Future studies should identify specific aspects of SES that are responsible for these observed survival disparities and assess whether these disparities persist with longer follow-up and after considering lifestyle factors and comorbidities. Strategies to address the underlying factors that may influence treatment intensity and adherence, such as comorbidities,61 treatment side effects, and logistical barriers, should be targeted to low-SES non-Hispanic White and all African American patients to reduce these disparities.
Acknowledgments
This research was supported by the National Cancer Institute’s Surveillance, Epidemiology and End Results Program (contract HHSN261201000140C) and the Surveillance Epidemiology and End Results Rapid Response Surveillance Study (contract N01-PC-35136) awarded to the Cancer Prevention Institute of California and under a subcontract to Kaiser Permanente Northern California, Division of Research. The collection of cancer incidence data used in this study was supported by the California Department of Health Services as part of the statewide cancer reporting program mandated by California Health and Safety Code Section 103885; the National Cancer Institute’s Surveillance, Epidemiology, and End Results Program (contract HHSN261201000140C) awarded to the Cancer Prevention Institute of California (contract HHSN261201000035C), the University of Southern California (contract HHSN261201000034C), and the Public Health Institute; and the Centers for Disease Control and Prevention’s National Program of Cancer Registries (agreement #1U58 DP000807-01) awarded to the Public Health Institute. The Kaiser Foundation Research Institute received research funding from Takeda, Sanofi Aventis via a subcontract from University of North Carolina and Genentech (to L. A. H.). S. L.G. received research funding from Genentech.

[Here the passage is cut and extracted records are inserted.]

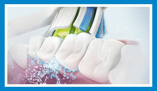 Technologia soniczna Philips Sonicare to połączenie wysokiej częstotliwości drgań i szerokiego zakresu ruchu włosia szczoteczki, które wytwarza Dynamiczną Akcję Czyszczącą (Dynamic Cleaning Action - DCA). Czyszcząca siła nawet do 62 000* ruchów szczoteczki na minutę nadaje dużą prędkość mieszaninie płynu (pasty i śliny) wytwarzając mikrobąbelki, a szeroki zakres ruchu włosia sprawia, że wtłaczane są one głęboko w przestrzenie międzyzębowe oraz wzdłuż linii dziąseł, zapewniając doskonałe czyszczenie nawet poza zasięgiem włosia.
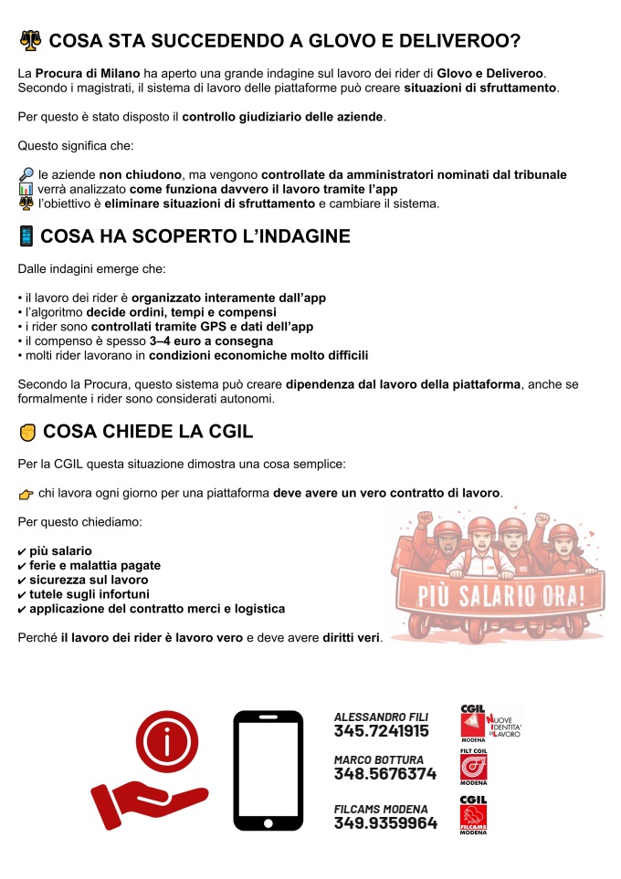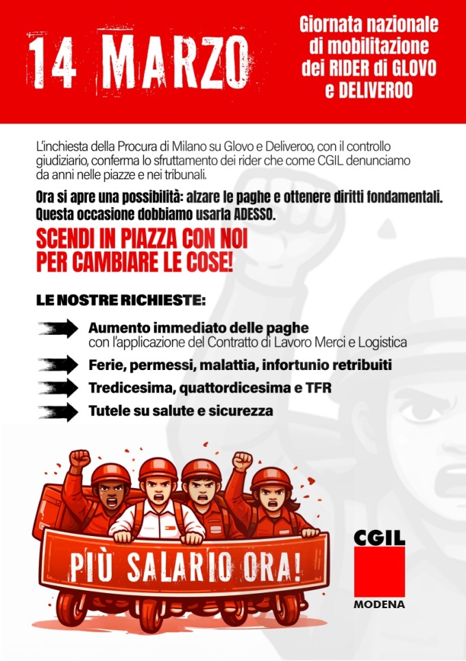 I sindacati modenesi Filcams (terziario e servizi), Filt (trasporto merci e logistica) e Nidil (lavoratori autonomi) Cgil saranno per le vie del centro storico nella giornata di sabato 14 marzo per informare i rider di Glovo e Deliveroo distribuendo volantini per spiegare quali sono le proposte della Cgil, a partire dall’aumento del salario, l’applicazione del Contratto di lavoro merci e logistica e dal riconoscimento dei diritti basilari previsti dallo Statuto dei Lavoratori nel 1970. Perché appare incredibile, ma nel 2026 serve ancora ribadire che chi lavora deve avere diritti quali la copertura economica in caso di malattia, infortunio, ferie, permessi e condizioni minime a tutela della saluta e della sicurezza di chi lavora.
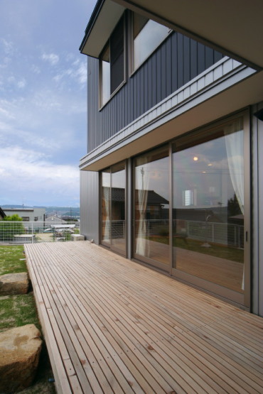 | 恵那山の麓にある眺めの良い高台に建つ家です。1階のリビングとは別に2階に家族専用のプライベートなファミリールームを持つ家で、ルーフテラスからは岐阜の山々を眺める素晴らしい眺望が望めます。ダイニング上部の吹抜を通して1階の温水式の床暖房の暖かい空気が2階まで届き、家中を暖めます。 |
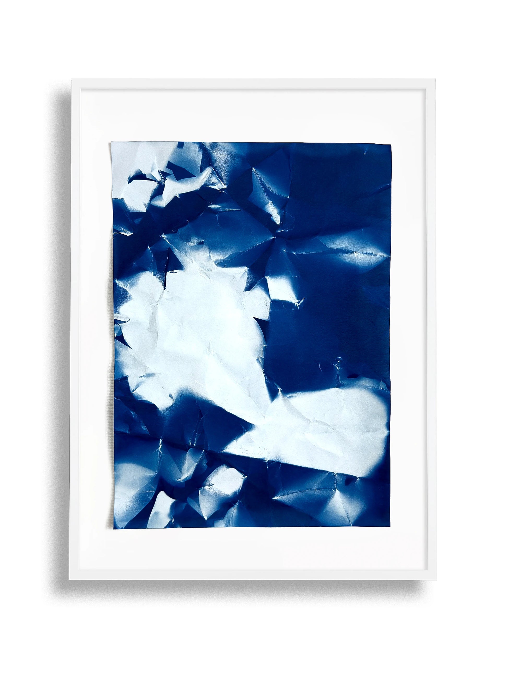 L’opera fa parte della collezione "Utòpia" - Serie "Archetipo", in cui la cianotipia, rivisitata, viene svincolata da negativi e sagome. Sono ora le pieghe stesse della carta a generare pieni e vuoti di luce, rivelando trame inattese. Ogni lavoro è un pezzo unico, frutto di un processo che trasforma l’assenza in presenza.

Note. The opinions expressed herein are those of the authors, and endorsement by the state of California, the California Department of Health Services, the National Cancer Institute, or the Centers for Disease Control and Prevention or their contractors and subcontractors is not intended nor should it be inferred.
Human Participant Protection
Analyses were approved by the institutional review boards of the state of California, the Cancer Prevention Institute of California, and the Kaiser Permanente Northern California Division of Research.